Fungsi hukum salah satunya adalah mengatur kehidupan manusia
bermasyarakat di dalam berbagai aspek. Manusia melakukan kegiatan ekonomi
untuk memenuhi kebutuhannya. Manusia tidak bisa memenuhi kebutuhannya sendiri,
oleh karena itu manusia melakukan interaksi dengan manusia lainnya. Interaksi
ini sering kali tidak berjalan dengan baik karena adanya benturan kepentingan
diantara manusia yang berinteraksi. Agar tidak terjadi perselisihan maka
harus ada kesepakatan bersama diantara mereka. Kegiatan ekonomi sebagai
salah satu kegiatan sosial manusia juga perlu diatur dengan hukum agar sumber
daya ekonomi, pemanfaatan dan kegiatannya dapat berjalan dengan baik dengan
mempertimbangkan sisi keadilan bagi para pelaku ekonomi.
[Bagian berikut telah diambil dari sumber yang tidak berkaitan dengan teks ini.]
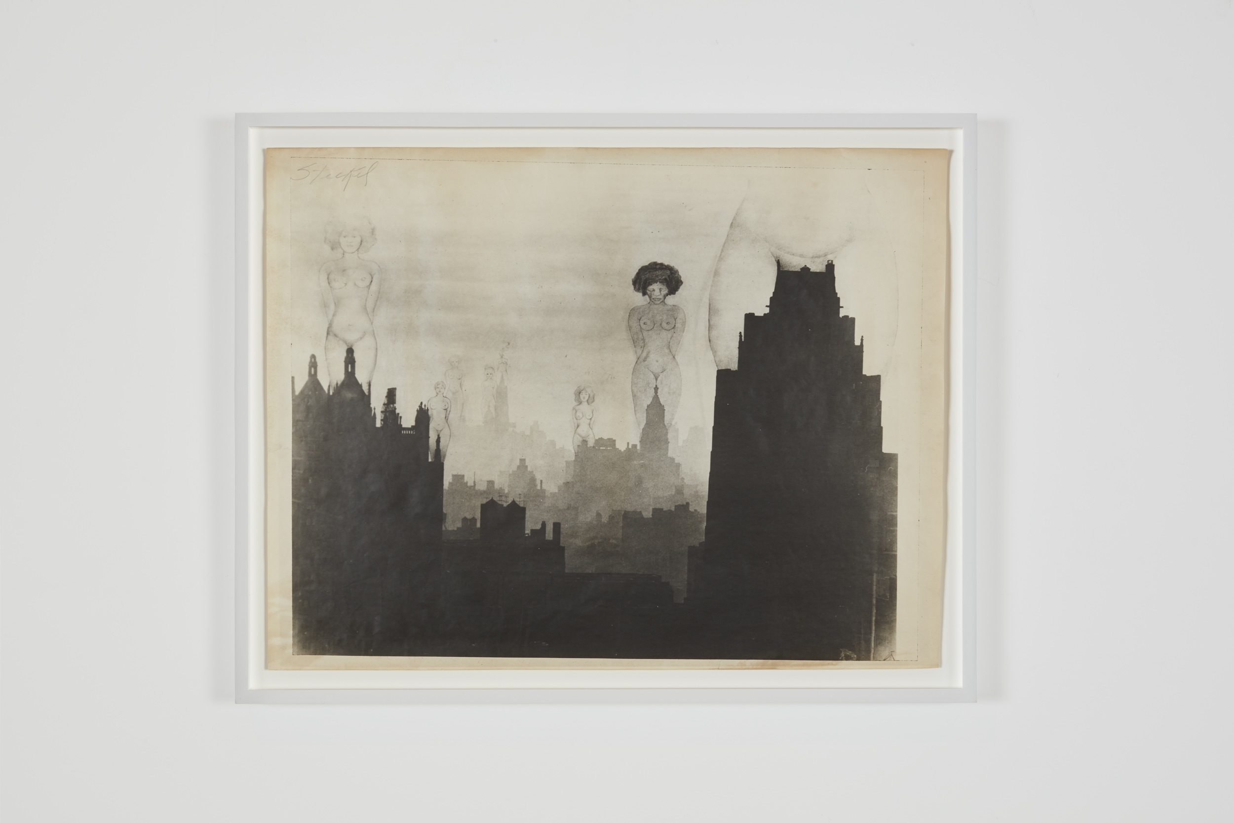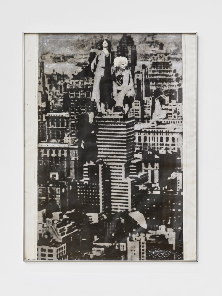 Steckel’s work suggests that the phallus can be read as a symbol of oppressive forces within the public sphere, where gender and power relations are played out and co-entwined. Steckel recurrently explores these dynamics with the imagery of urban space, for instance in the Giant Women series (1969-1974). New York City in particular is used as a backdrop against which the imposing bodies of women are deployed as signifiers of vulnerable unease. Such strategies reveal an underlying tension, one where the phallus is granted as an object of sexual desire while harbouring latent aggression. Its physical manifestation within the modern metropolis therein becoming a potential playground for emancipatory release.
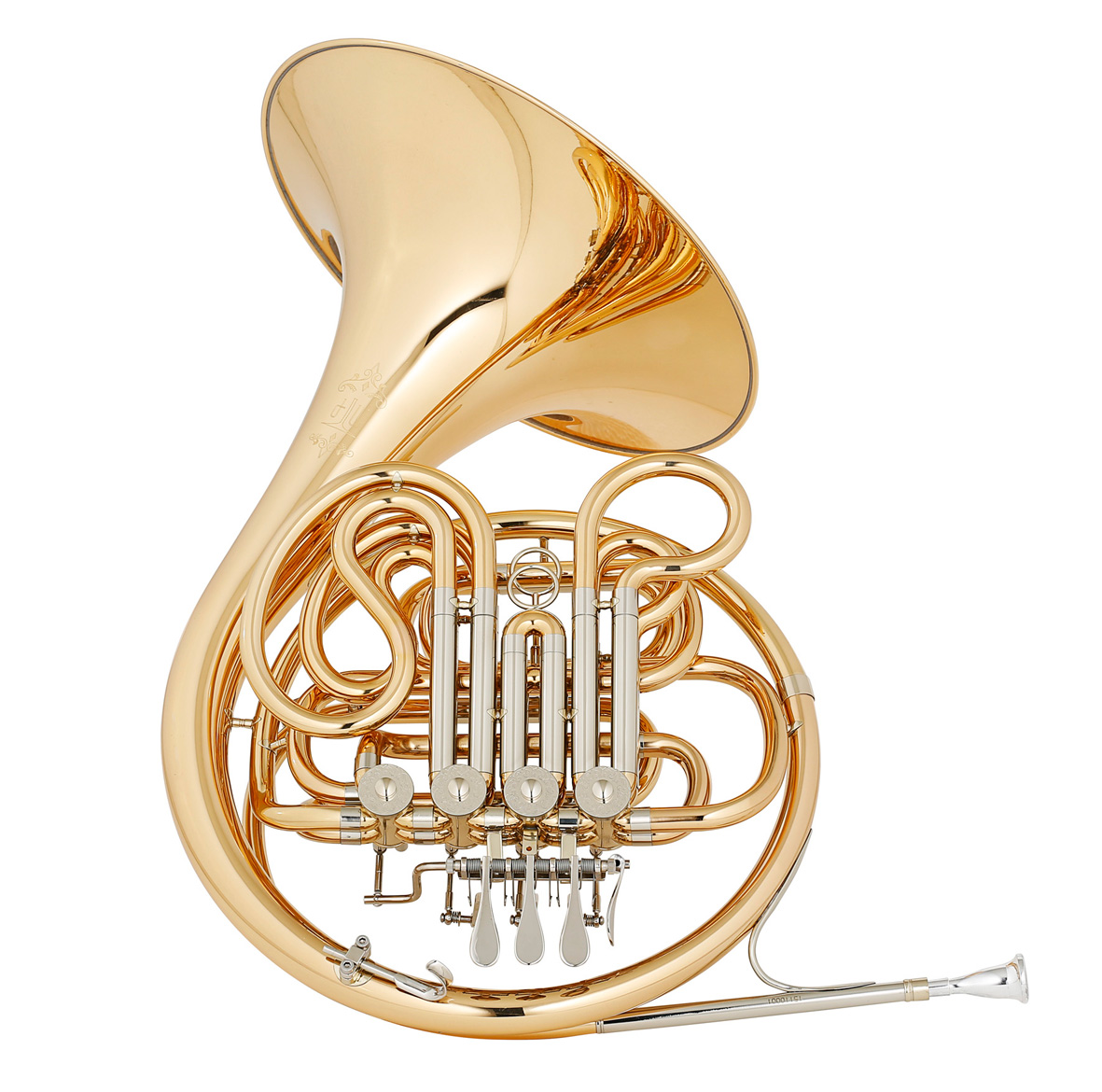 Goldmessing lackiert, 4 Zylinderdrehventile, Umschaltventil B/F und F/B, Bohrung 11,8 mm, Kugelgelenke, Goldmessing-Mundrohr, Neusilberventilbüchsen, Schallbecher Durchmesser 310 mm, verstellbarer Daumenhaken, Spiralfederdruckwerk, Neusilber-Außen- und Innenzüge. Inklusive Koffer & Mundstück.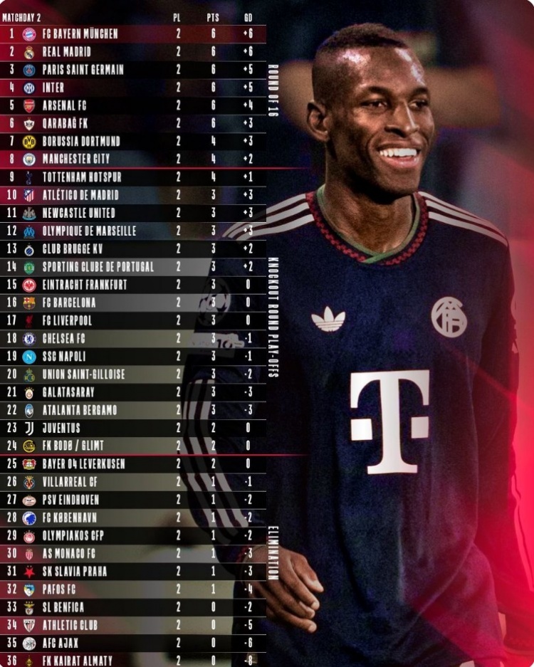 拜仁官推曬兩輪過后歐冠積分榜:拜仁以進(jìn)球優(yōu)勢領(lǐng)跑,皇馬次席
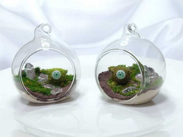 癒し系の苔玉メンダーが 今年はテラリウムバージョンも!! 約6cmのガラスに 苔玉メンダーがひっそりと住み着いています( *´艸`) 水やりの不要!!枯れることのないテラリウムで 癒されてみてください(●´ω`●) キラリと光る、水晶入り! ※オプションで 苔玉メンダーの色をお選びください。 1枚目写真で 左が 明るい緑 右が 濃い緑 です。 ※ガラス製品の為、取扱いにご注意ください。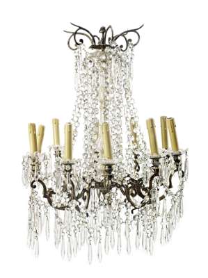 the scroll coronet hung with faceted swags, above a baluster stem form which issue twelve outscrolling branches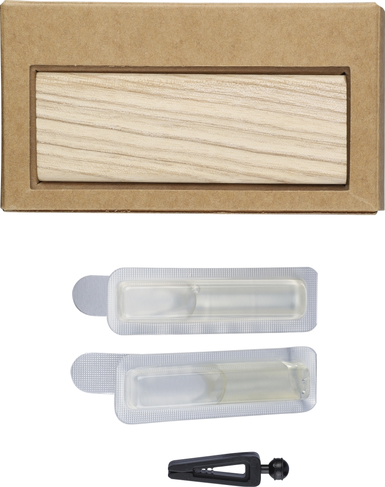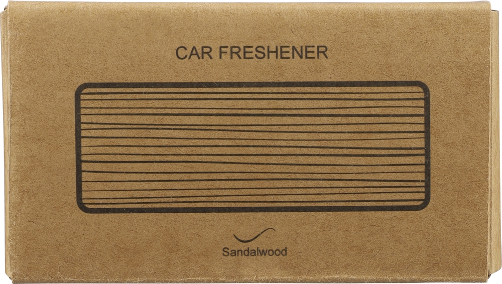 Natural beechwood car refresher with 2 × 3 g alcohol-free sandalwood scent (one pre-filled, one refill). Includes ABS clip for car vent. Packed in brown cardboard box with illustration. Dimensions: 3,3 cm x 11,5 cm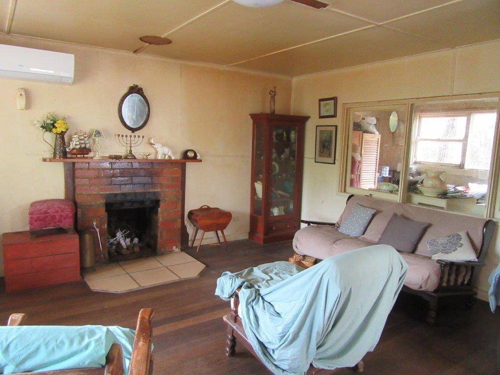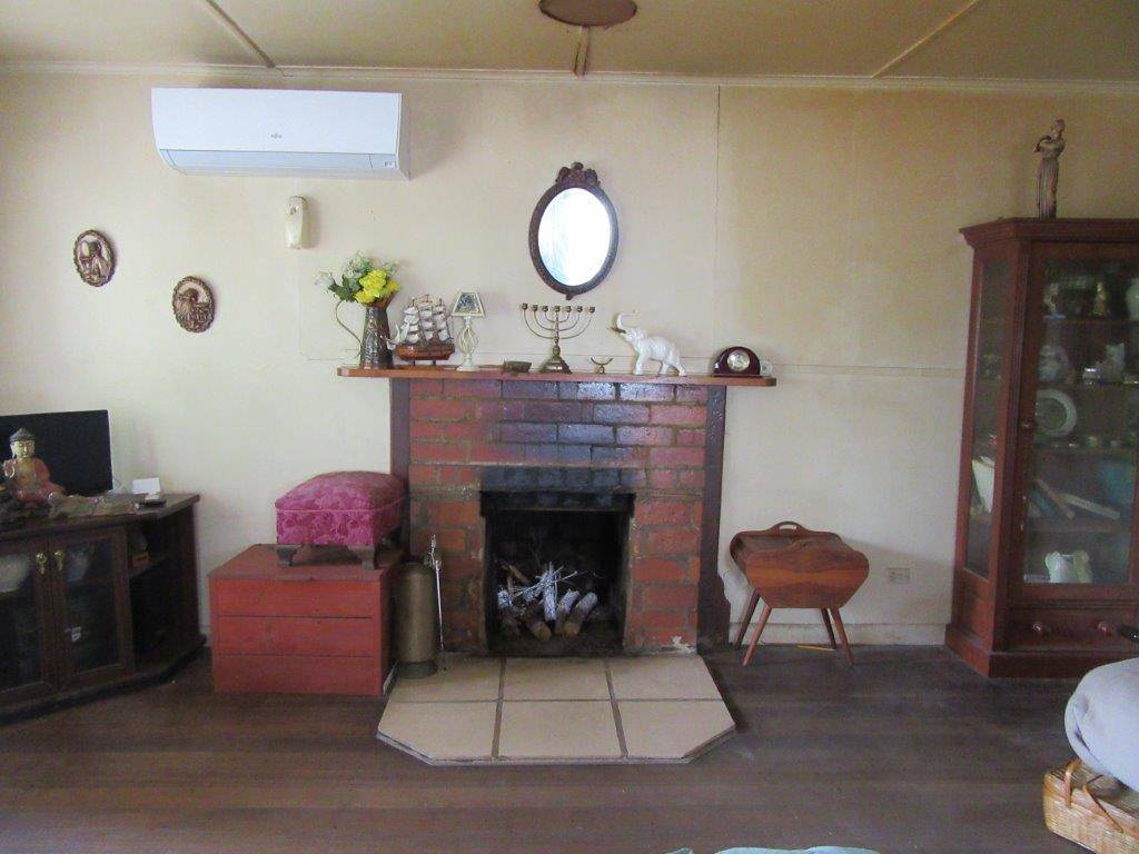 Features include hardwood flooring, open fire place, split-system air conditioner , old shed and is fully fenced.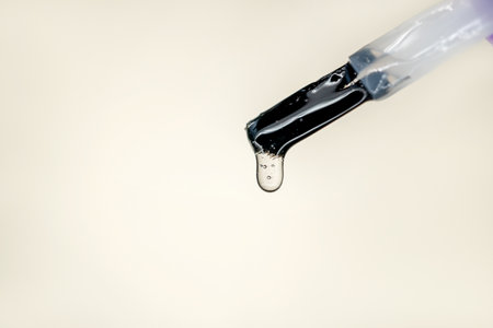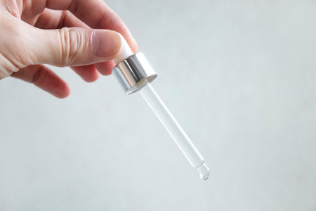 clear glass dropper filled with a viscous transparent liquid, perfect for cosmetic procedures. Ideal for skincare, beauty treatments, and spa applications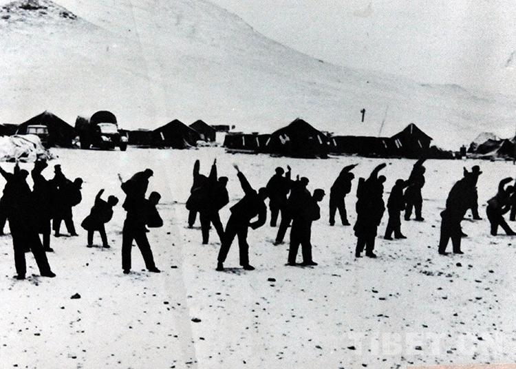 1976年,開發藏北無人區的雙湖辦事處(現雙湖縣)拓荒者在駐地做廣播體(ti) 操(唐召明翻拍照片)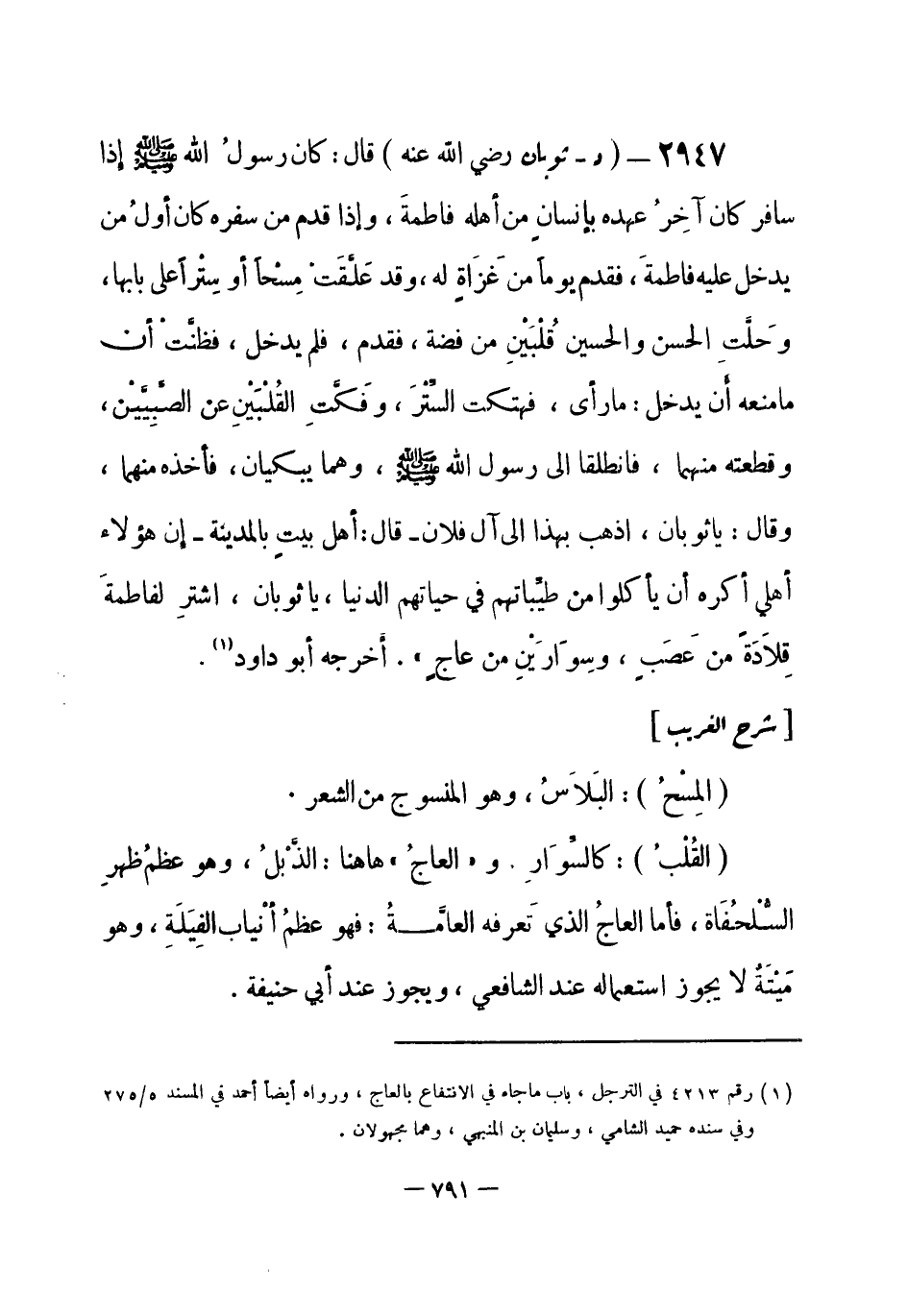 2947 - (د) ثوبان - رضي الله عنه -: قال: كان رسولُ الله - صلى الله عليه وسلم- إِذا سافر كان آخِرُ عهده بإنسانٍ من أهله فاطمةَ، وإذا قدم من سفره كان أولُ من يدخل عليه فاطمةَ، فقدم يوماً من غَزَاةٍ له، وقد عَلَّقَتْ مِسْحاً أو سِتْراً على بابها، وحَلَّتِ الحسن والحسين قُلْبَيْنِ من فضة، فقدم، فلم يدخل، فظنَّتْ أن ما منعه أَن يدخل: ما رأى، فهتكت السِّتْرَ، وَفَكَّتِ القُلْبَيْنِ عن الصَّبِيَّيْن، وقطعته منهما، فانطلقا إلى رسول الله - صلى الله عليه وسلم-، وهما يبكيان، فأخذه منهما، وقال: «يا ثوبان، اذهب بهذا إلى آل فلان، قال: أهل بيتٍ بالمدينة - إِن هؤلاء أهلي أكره أن يأكلوا من طيِّباتهم في حياتهم الدنيا، يا ثوبان، اشترِ لفاطمةَ قِلادَة من عَصَبٍ، وسِوَارَيْنِ من عَاجٍ» . أَخرجه أبو داود (¬1) .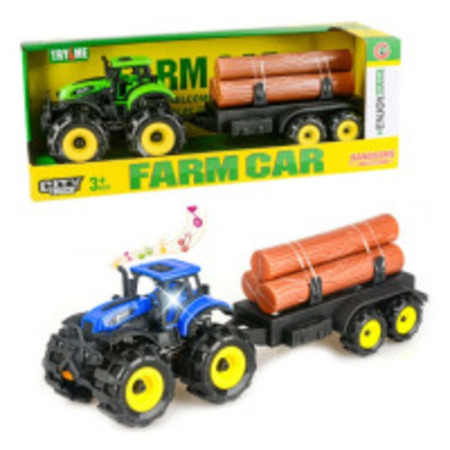 Інерційний трактор з причепом, який перевозить дерев'яні балки, має світлові та звукові ефекти, в асортименті 2 види (синій, зелений). Живлення: 3 батарейки типу AG13 (у комплекті). Розмір іграшки: 34х10х10.5 см. Упаковка відкрита коробка.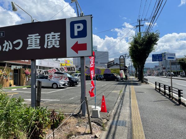場所は、福岡市南区から東脊振トンネルに向かう国道385号線の内田交差点の手前にあります。 ”とんかつ重廣” の大きな茶色い看板が目印です。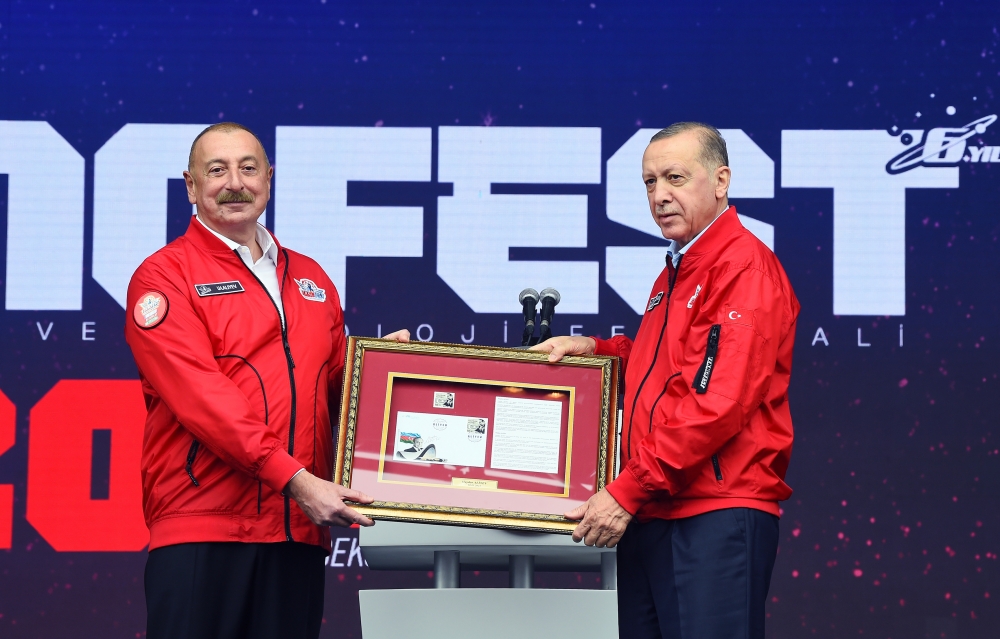 Bu gün “TEKNOFEST”də iştirak edərkən “TEKNOFEST”in qurucusu, əziz qardaşımız Selçuk Bayraktarın xidmətlərini də qeyd etmək istərdim. Selçuk bəy Azərbaycanda dəfələrlə olmuş, o cümlədən azad edilmiş torpaqlarda, Şuşada. Son gəlişində - aprelin 3-də Azərbaycanda olarkən biz gələcək işbirliyi haqqında danışdıq və Azərbaycanda “Bayraktar” mərkəzinin yaradılması haqqında razılığa gəldik. İnşallah, yaxın gələcəkdə Azərbaycanda “Bayraktar” mərkəzi yaradılacaq, orada təhsil, xidmət, istehsal da olacaqdır. Selçuk bəy Bakıda olarkən “Kızılelma”nın bir maketini hədiyyə etdi. Mən fürsətdən istifadə edərək “Kızılelma” ilə bağlı bütün qardaşlarımızı təbrik etmək istəyirəm və ümid edirəm ki, yaxın gələcəkdə “Kızılelma” Azərbaycanın səmasında da olacaqdır. “Kızılelma” havada, “Altay” və “Togg” quruda, “Anadolu” dənizdə - bugünkü Türkiyə budur.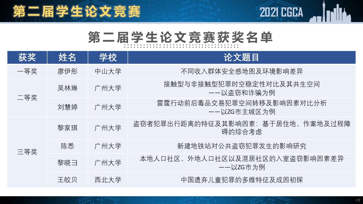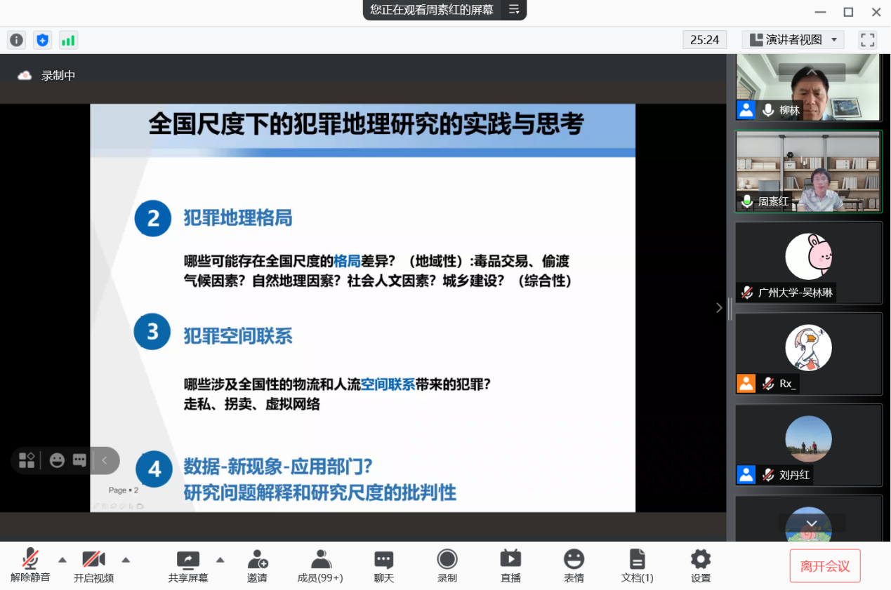 最后,柳林教授对本次会议进行总结,认为学生论文所研究的犯罪类型呈现多样化特征,参赛学生们表现优异。此外,柳老师还从新犯罪类型、新方法、实践应用、学术团体建设等方面对犯罪地理与犯罪分析学术网络的发展做了展望,期望本领域的发展能不断取得更大的突破和成绩。

Hukum atau
peraturan perekonomian yang berlaku disetiap kelompok sosial atau suatu bangsa
berbeda-beda tergantung kesepakatan yang berlaku pada kelompok sosial atau
bangsa tersebut.
Hukum tertinggi yang mengatur mengenai perekonomian di
Indonesia terdapat dalam pasal 33 UUD 1945, yang berbunyi :
1. Perekonomian disusun sebagai usaha
bersama berdasar asas kekeluargaan
2. Cabang–cabang produksi yang penting bagi
Negara dan menguasai hajat hidup orang banyak dikuasai oleh Negara.
3. Bumi dan air dan kekayaan alam yang
terkandung didalamnya dikuasai oleh Negara dan dipergunakan untuk
sebesar-besarnya kemakmuran rakyat.
4. Perekonomian nasional diselenggarakan
berdasarkan demokrasi ekonomi dengan prinsip kebersamaan, efisiensi,
berkeadilan, berkelanjutan, berwawasan lingkungan, kemandirian, serta dengan
menjaga keseimbangan kemajuan dan kesatuan ekonomi nasional.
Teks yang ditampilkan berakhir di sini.